= Lazarus Dokora =

Zimbabwean politician

Lazarus Dagwa Kambarami Dokora (born 3 November 1957) was the Zimbabwe Minister of Education, Sport and Culture. On 27 November 2017, Emmerson Mnangagwa, who succeeded in ousting President Robert Mugabe, announced the dissolution of the Zimbabwe Cabinet, leaving only Patrick Chinamasa and Simbarashe Mumbengegwi as acting ministers of Finance and Foreign Affairs respectively. Dokora was an MP from Rushinga National Assembly, before losing to Wonder Mashange in the general elections in 2013. He was appointed as the Minister of Primary and Secondary Education on 30 November 2017 by President Emmerson Mnangagwa.
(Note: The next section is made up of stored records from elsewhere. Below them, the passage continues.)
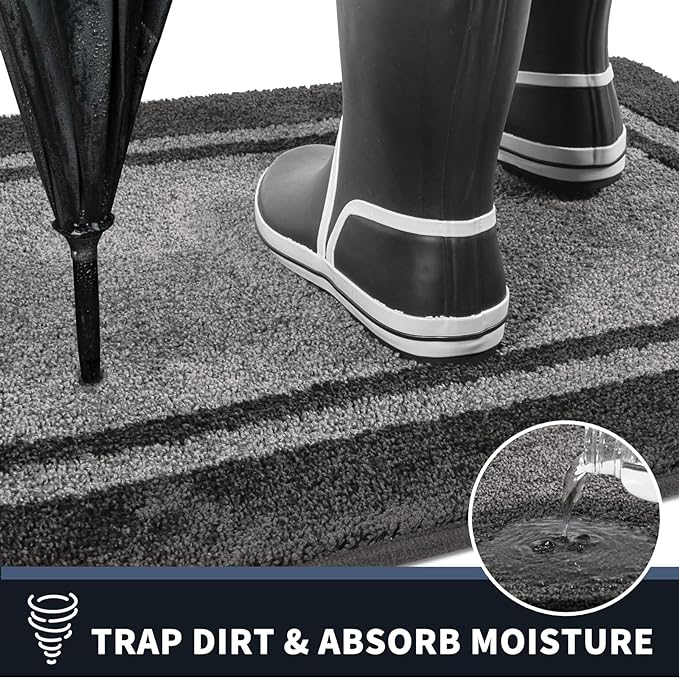 - TRAP DIRT & MOISTURE: Countless polyester fibers can effectively catch water and dirt off the bottom of shoes. Our dirt trapping doormat can keep indoor areas of your home or business clean, dry and safe, especially for the rainy, snowy, or muddy weather. For the best results, use the largest indoor door mats you have space for.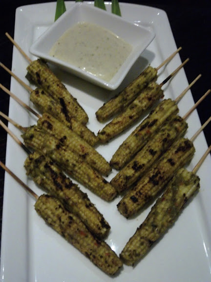 In vegetarian section of the Grill menu, we tried out Cilantro Yogurt Babycorn Skewers which are tender grilled babycorn marinated in spicy scallion yogurt marinade. I'm not a big fan of babycorn but this was crunchy and yummy so we devoured them in record time!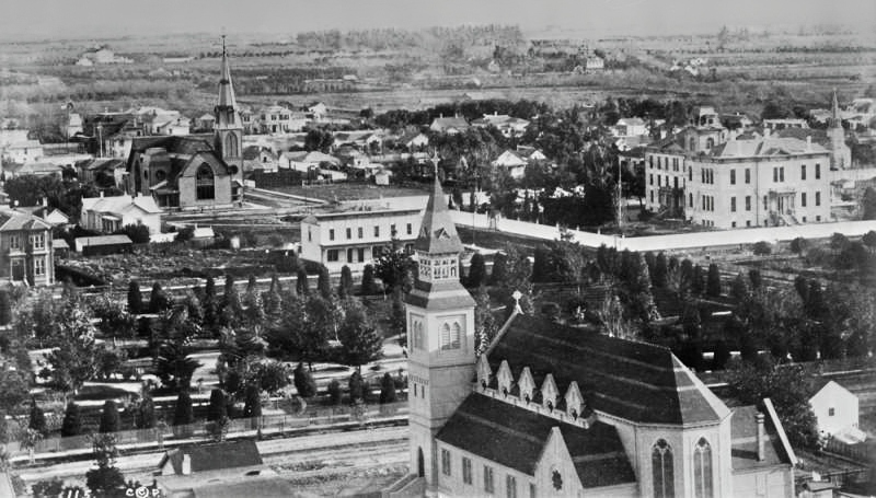 "The hotel (I forget its name) was small and narrow, perhaps two or three stories in height, dingy for lack of paint…I remained there for some weeks in a room overlooking the garden of St. Paul's Cathedral, where the choir boys marched, singing on Sunday mornings. Central Park, somewhat unkempt but pleasantly umbrageous, was directly opposite the little hotel, and a wizened Chinaman had his laundry in a tumbledown shack where the huge building of Pacific Life Insurance Company now rests on the soil so heavily that it groans with immense burden."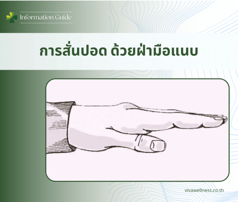 - เหยียดแขนทั้งสองข้างให้ตรง มือทั้งสองข้างทาบกับบริเวณที่ต้องการสั่นปอด รอผู้ป่วยเริ่มหายใจออก จากนั้นเกร็งแขนทั้งสองข้างให้เกิดการสั่นผ่านไปยังฝ่ามือ แล้วลงไปที่ทรวงอกของผู้ป่วย

He was dropped by Mnangagwa as Minister for Primary and Secondary Education on 2 December 2017 amidst Zimbabweans on social media and radio shows criticizing him, blaming him of poor performance and undermining the country's education system. He was replaced by his deputy minister Paul Mavima. In relation to the issue with radio stations, he was interviewed by Farai Mwakutuya. The interview took place during a talk show called Head-On on radio ZI-FM.

He was placed on the European Union sanctions list from 2007 to 2011.